Kelalu was born in the Democratic Republic of Congo and escaped political unrest there when she was 10 years old by moving to Mali. She arrived in the United States five years ago as an unaccompanied refugee minor. Now, she is an American citizen and is excited to vote for the first time in the midterm elections.

“It’s not only the votes that matter, but contributing an educated vote matters, and I feel like it’s important because I need a candidate who will represent my ideals and support my interests. That’s why important for me to raise my voice,” Kelalu said while filling out her first voting ballot.

Duby, from Vietnam, has lived in the United States since 2014. She became a citizen in September of 2022 and explained why it’s important for her to be able to vote, this also being her first time.

“Why I care about voting is the voting isn’t only for myself, but for my generation, my children [and] my grandchildren,” she said.

Duby said that voting is one of the most important ways she can participate in a democracy.

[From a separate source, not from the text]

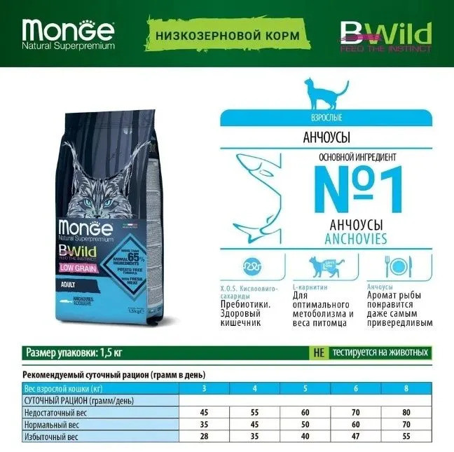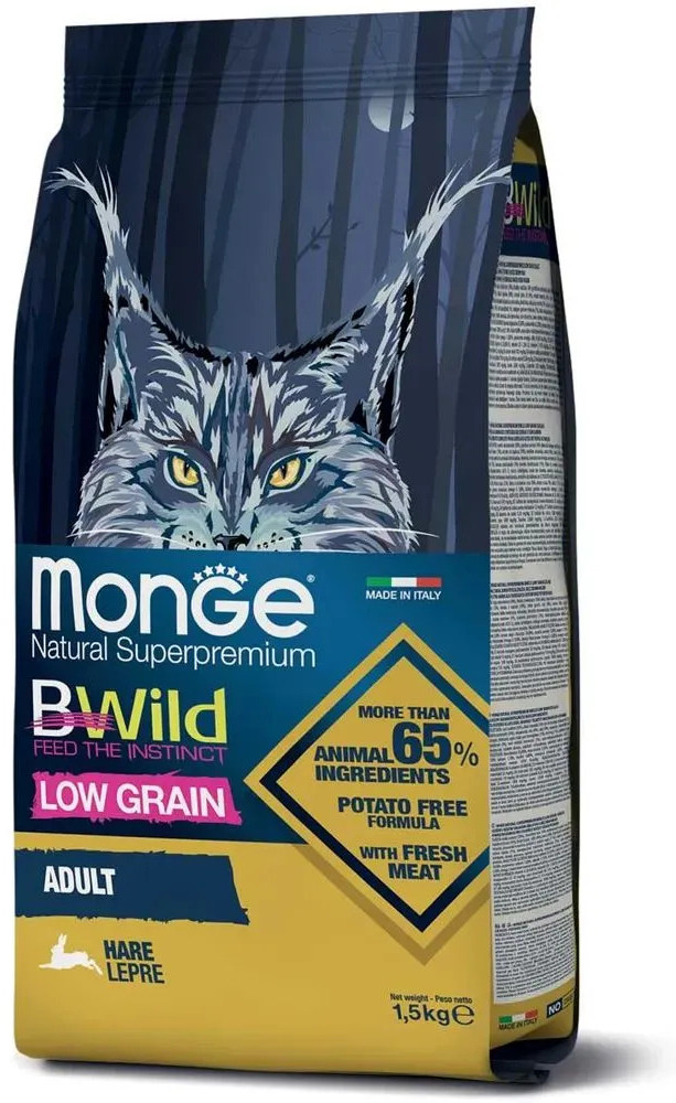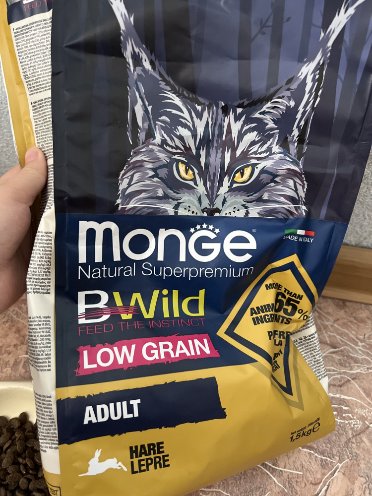 Monge Корм для взрослых кошек с диким зайцем «Bwild»+337 вкусный хороший состав блестящая шерсть мелкие гранулы хорошее усвоение

“Even before I could vote I was still watching, and I still cared about who is leading this country, and I still cared about what was happening in the U.S.," she added. "I live here and I’m part of this country. I have a responsibility to care about the system."

Both women live in Warren Village, which provides transitional and affordable private housing for single-parent families. 

Kelalu is a full-time nursing student and has a daughter who is almost 18 months old.

“It’s stressful,” she said with a laugh. “It’s a lot; you have to do a lot of research and lots of reading when you major in nursing. But there will be a time when this country expects me to contribute so that’s why I have to focus and know exactly what I’m doing.”

[Related: What’s keeping young voters engaged ahead of midterms]

Duby is working toward a master’s degree in IT management and has a seven-year-old son.

“I already feel like the U.S.A. is my home country. I love the people here," Duby said. "I love how people here have helped me so that I can go back to school to get a degree. I have an opportunity to upgrade my life.”

And part of upgrading her life is being able to take part in a democratic process. Duby said that she voted the same day she received her ballot in the mail.

“Right now," she said, "I’m very happy because my voice can be heard.”